PS3-13: Re-Identification Risk Associated with Sharing Linked Genomic and Phenotypic Data from the Kaiser Permanente Research Program on Genes, Environment and Health (RPGEH)

Background/Aims It is now understood that conventional de-identification methods such as the HIPAA Safe Harbor standard do not guarantee anonymity of patient records, which may be vulnerable to a variety of attacks aimed at re-identifying confidential information. We present an analytic framework for evaluating these risks quantitatively in order to be able to explicitly balance privacy and scientific utility. As a concrete example, we examine implications for patient privacy of plans to deposit over 70,000 full-genome genotypes and associated clinical data in the dbGaP federally-managed data repository, as a component of a NIH-funded study conducted by the Research Program on Genes, Environment, and Health (RPGEH) at the Kaiser Permanente Northern California Division of Research (KPNC DOR). Risks are examined from multiple perspectives and risk reduction strategies discussed.

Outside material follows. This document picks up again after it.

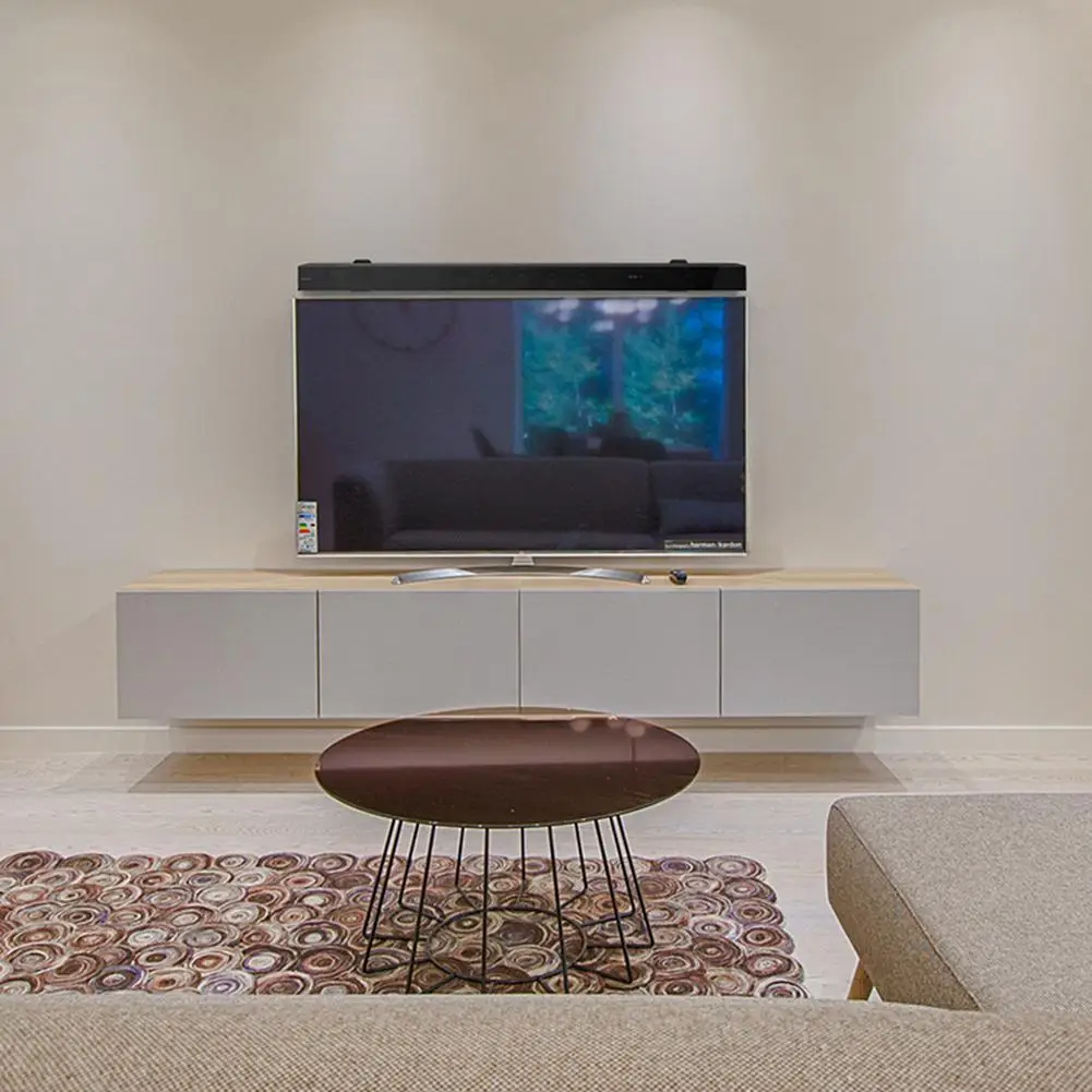 Точки пули:1. Настенное крепление для саундбара: это специально разработанная настенная стойка для Саундбар. Вы можете установить Саундбар под телевизором, чтобы освободить пространство телевизора и создать чистую и аккуратную телевизионную стену.

Methods Two analytic approaches are described: (1) “k-anonymization”, which computes risk based only on the distribution of cell sizes in the disclosed dataset; and (2) “k-map” which takes account of the characteristics of potential reference datasets – e.g., voter rolls, disease registries - which may be available to the attacker. Probabilities of re-identification were computed using a random sample of records from actual study participants, and assumed disclosure of the following phenotypic attributes: 5-year age group, sex, race (5 categories) and a set of 22 ICD9-defined common diseases. For method 2, the KPNC EMR was used as a proxy for a highly informative reference dataset.

Results The first method tended to yield very conservative estimates of risk: 9.5% of subjects in the disclosed dataset had unique phenotypic attributes, while 18% were in cells of size <5 and 24% were in cells of size <10. Factoring in characteristics of potential reference datasets, method 2, yielded substantially lower levels of risk: 2% of subjects were distinct, 4% in cells size <5, and 6% in cells of size <10.

Conclusions Assessment of re-identification risk of disclosed genomic-phenotypic data is complex, involving differing stakeholders’ perspectives, attack types, and characteristics of both the disclosed data and the surrounding information environment. However, reasonable assumptions can be made which allow quantitative estimates of risk, and suggest strategies for risk reduction.